今の僕ならいつもの寝ぼけ眼がキリッとしているはずだ。
今日は右の方から来る気がする。
「!」
不意に僕の左斜め前の植木から音がした。
ということは……来る!
「……うにゃあ!」
「にゃい!」
「ふぎゃっ!」
そしてバタッと倒れた。
……今の状況を説明すると……
左斜め前の植木から音がしたのは投石による情報操作。
こいつはそれが得意だと思っているが、ワンパターンすぎて僕には効かない。
絶対反対側にいるから。
わかっててやってるかもしれないけど。
というわけで、右側に意識を集中。
案の定、右斜め後ろの木陰から「うにゃあ!」と、猫のような奇声を発して飛び掛かってきた。

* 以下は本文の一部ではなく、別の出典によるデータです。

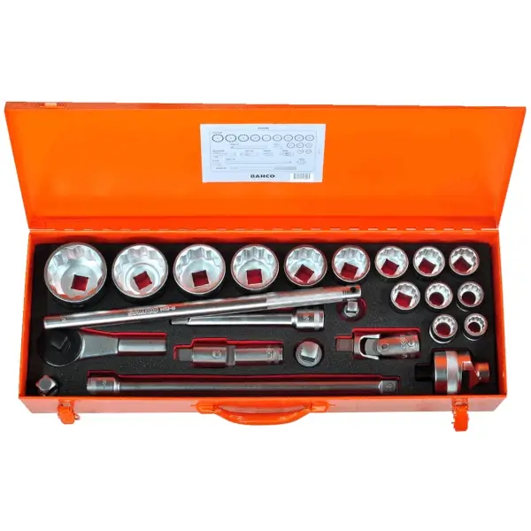 3/4英寸双六角套筒套装,规格19-60毫米,含双向棘轮头、滑动头、万能手柄、万向节、减径接头、双向棘轮接头、撬杆及延长杆,金属箱装

それを読んでいた僕は、「にゃい!」と猫のようにいいながら、顔面に軽くネコパンチ。
そしてネコパンチを受けたこいつは、「ふぎゃっ!」と猫のようにといい倒れた。
それにしても……。
なに考えてるんだろ。
毎朝これやってるんだよ。
「いつもながらこれなに?」
「……いつもながらなんだろう?」
寝転びながらこいつが答える。
僕も向こうも漫画ならクエスチョンマークが浮かんでるだろうね?
「じゃあやめて」
「でもいやだ!」
真顔で語気を強めて言われた。
どうしてそこまでこだわる?
「どうしても?」
「どうしても」
……なんで?
いちいち考えてたらめんどくさいけど。
「……学校いこっか」
「……うん」
そういって手を掴んで立たせる。
……そういえばこいつの紹介を忘れてたね。
こいつは幼なじみの金森 詩織(かなもり しおり)。
家の隣に住んでる。
一言で説明すると、まさに阿呆だ。
今までこいつの考えが読めたことがない。
会話に脈絡がないし、言ってる事もやってる事も訳がわからない。
見た目は腰まで伸びたサラッサラのストレートな黒髪。
大きく丸い目に小さめの鼻、口元はすっきりしている。
世間一般の基準で見ると普通に可愛い。
今まで女として見てなかったけど。
……訂正、見れなかったけど。
この残念な性格じゃなければモテるんじゃない?
……治らないだろうけど。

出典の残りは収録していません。